There are 31 companies in the biomedical sector listed on the Science and Technology Innovation Board (excluding medical device and in vitro diagnostic companies), but unfortunately few companies have successfully listed FIC or best-in-class drugs.

  Hao Manlin suggested that the guidance of government policies should encourage and identify genuine innovations from the source.

In order to help investment institutions better identify the truly valuable innovations, they can try to classify the original drugs on the Chinese market.

"The grading of original drugs is more common in foreign drug management. Based on China's current national conditions, the clinical value, economic value and social value of the original drug grading model can be considered."

  "At the same time, government funds take the lead to increase risk tolerance. For example, investment institutions that try to participate in government funds must invest in original innovative drugs at a quantitative index such as 50% of the funds invested in the pharmaceutical field." Hao Manlin said.

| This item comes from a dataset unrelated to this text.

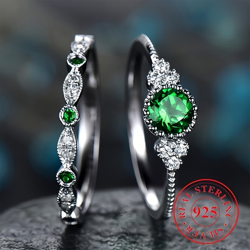 This set includes two stunning rings made of 925 sterling silver with vibrant green synthetic zirconia stones. Perfect for special occasions and engagements.

  In addition, it is necessary to strengthen the scientific and professional decision-making mechanism of investment institutions.

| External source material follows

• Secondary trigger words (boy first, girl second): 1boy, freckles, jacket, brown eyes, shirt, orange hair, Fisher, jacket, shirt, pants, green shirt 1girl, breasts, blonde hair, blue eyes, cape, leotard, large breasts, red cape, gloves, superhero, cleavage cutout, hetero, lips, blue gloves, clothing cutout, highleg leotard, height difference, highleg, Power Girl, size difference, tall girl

"Investment institutions involving government industry funds must establish a scientific advisory committee composed of personnel with original innovative drug research and development experience to strictly check investment projects and focus on valuable projects for investment." Hao Manlin suggested that a full-time chief scientist should be established , To be scientifically qualitative, financial and risk control quantitative.

  Cheng Jie believes that as long as the capital has a smooth exit method and reasonable returns, there will be more capital willing to invest in original drugs.

The original innovative drug can meet the unmet clinical needs, and it will certainly have a very good market prospect.